Having Arizona in there and Brandi as sort of a shadow voice really lifts things into a different realm than we’ve heard from your solo stuff.
It’s true. These guys are in one of my favorite bands, Arizona, and I wanted to do a couple of songs with them because I really like what they’re doing. And they have their own thing, so I did that separate from everything else I was doing. Brandi came in because she’s really… I needed someone who could quickly – and in the way that she does – morph and sing a lot of different parts stacked on each other. I love making music with her so it was an obvious fit getting her to come in and do this with me.
Well, it works.
Yeah, I feel really thankful because I think it brought things to a whole different level.
What about the characters that inhabit the songs? Are they all parts of your own perspective or do you ever step completely out of yourself?
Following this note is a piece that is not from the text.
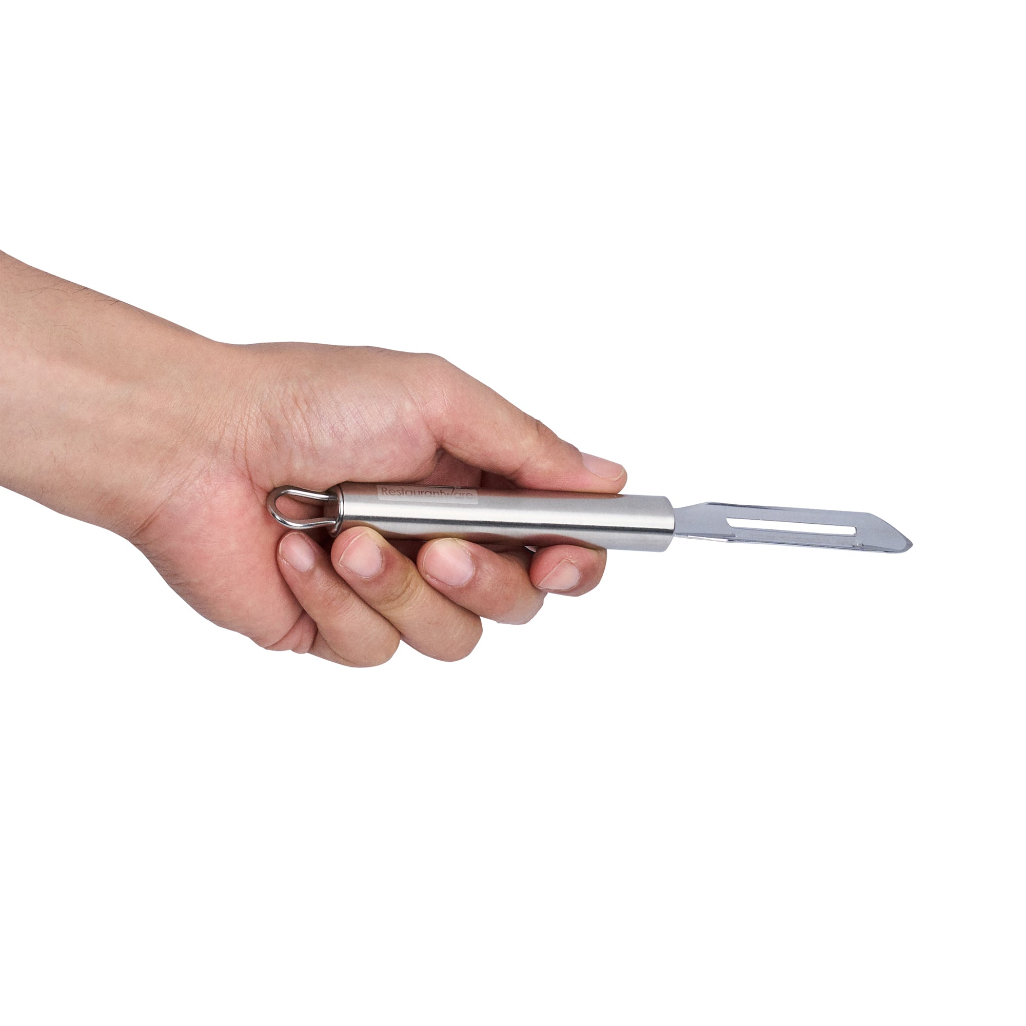 Experience the ease and precision of our German Standard Stainless Steel Vegetable Peeler. The double-edged blade in this vegetable peeler facilitates peeling in both forward and backward motions, offering increased speed and efficiency during food preparation. This potato peeler features a sharp blade that effectively removes the skin from any vegetable, streamlining kitchen tasks and boosting cooking efficiency. Ergonomically designed, the handle of this cucumber peeler ensures a comfortable and secure grip, reducing hand fatigue and providing optimal control during use. Made from stainless steel, this carrot peeler ensures robust performance and longevity in your kitchen. The built-in hook of this peeler for carrot ensures easy storage when not in use. This stainless steel vegetable peeler is dishwasher-safe, offering a quick and efficient cleanup. Measuring 7.6 inches in length, this stainless steel peeler is a compact yet essential tool in your kitchen. Sold in a 1 count box.
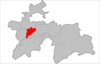 Vahdat District (also spelled Vakhdat (Russian: Вахдатский район),[a] Tajik: Ноҳияи Ваҳдат, romanized: Nohiyayi Vahdat) is a former district of the Districts of Republican Subordination in Tajikistan, called Kofarnihon District until the introduction of a new administrative division in the end of 2003. During the Soviet period it was named Ordzhonikidzeabad district in honor of Georgian communist Grigoriy Ordzhonikidze. It extends east of Dushanbe along the southern slopes of the Gissar Range, bordering on Varzob District from the west and Rasht District from the east. Its long southern border runs (from west to east) along Khatlon Province and then Faizobod, Roghun, and Nurobod districts. The district capital Vahdat (formerly Ordzhonikidzeabad) is placed off-center at the extreme southwest of the district, just 10 km east of Dushanbe.[1] Around 2018, the district was merged into the city of Vahdat.

I don’t know that I ever totally step outside of my own perspective, not on my solo stuff. Part of the reason for doing it is to have a more extreme perspective in some ways. I think my solo stuff is pretty much me. I try to have an understanding of other perspectives in the songs I write. So that if I’m writing a song like “Who Sold the Gun” or “SLC Radio” – any of the songs that look at social commentary – I’m trying to really look at the different perspectives beyond my own and have compassion for them in some way. At the same time, I’m trying to take our society at large to task. So I think it’s not introspectively my perspective in the way of personal, inner relationship songs, but it’s definitely the lens that I see through. I don’t really try to see through a different lens. You can’t.
That’s just your world view.
Yeah, and I think even when people write in six different voices for a book, like Faulkner or something like that, it’s all still their lens. They’re masters at it, but you still know that every part of them is informing every single one of those characters.
How did you develop your particularly lens or world view? Is it because of or despite living in the South?
Because of. There’s a little bit of despite, but not much because the South is pretty deep. It’s not as one-sided as people that aren’t from the South think it is. There’s a lot of progressiveness here and activism and faith-based movements – and I don’t mean Christian faith-based, I mean faith in a higher being at work – and an attachment to the land that I think I’m pretty much a product of that. I’m not a racist. Well, I try not to be. I’m sure everybody’s got something inside them. But, I don’t feel this fight in me against the South all the time. I just don’t. I feel very much part of the complexity of where I’m from and I feel compassion for it.
See? That’s good. I grew up in Louisiana and I still haven’t gotten to the compassion part. We had separate white and black proms when I was in high school.
I wouldn’t say I have total compassion for racism, but I think I have compassion for people who are part of a system that becomes bigger than they are. And they can change. I think I have an optimism. I have more of a compassion for people that are trying to change things that are still in the South and the minorities – now it’s African-Americans and Hispanics. I just think that it’s amazing, the work that’s done and the stamina of people that live in the South that are progressive. People of color, especially. I think that’s one of the things that I love about the South. It’s soulful in a way that you don’t get in other places.
It’s more like fighting from within the system, or from the inside out.
Yeah.
With gay rights, the environment, free speech and everything else we’re fighting for, how do you prioritize the issues you’re involved with?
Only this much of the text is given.